Ich weiß ja nicht, was - und ob überhaupt - das zu bedeuten hat, aber das "(ELF)" sieht schon komisch aus, da es das einzige ist.

----------

## l3u

Ich würd so weit gehen, nochmal von Vorne anzufangen. Kannst ja den Inhalt des Datenträgers, auf dem gentzoo derzeit ist, vorsichtshalber mal sichern.

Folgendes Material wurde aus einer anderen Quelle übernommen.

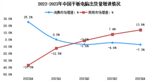 2024年第一季度,平板電腦消費市場同比增長6.3%,商用市場同比增長10.7%。消費市場和商用市場均為正向增長。

Also wenn du's hinkriegst, ne Cross-Toolchain für die NSLU2 zu bauen, dann sag mir, wie. Ich hab's bis heute nicht geschafft.

----------

## bacuh

Nochmal anfangen wollte ich sowieso. Dachte mir nur, ich warte noch ein bisschen, ob nicht vielleicht doch wer nen Lösungsansatz für mich hat. Backup mach ich mir keins, is ja eh kaputt, aber sobald ich wieder vor der uclibc stehe auf jeden Fall.  :Wink: 

Was meinst du mit Cross-Toolchain? Etwa weil ich distcc nutzen will? Das lässt doch vermuten, dass das geht, oder?

 *Quote:*   

> Note: The above is certainly needed when you want to use distcc to cross-compile on another host.

 

Übrigens: Ich hatte "-mtune=xscale" in den CFLAGS. Kann das damit zu tun haben?

----------

## bacuh

Neuer Versuch > Neue Probleme.

Diesmal habe ich es nicht mit dem portage-snapshot gemacht, sondern mein frisches /usr/portage vom Desktop rüberkopiert.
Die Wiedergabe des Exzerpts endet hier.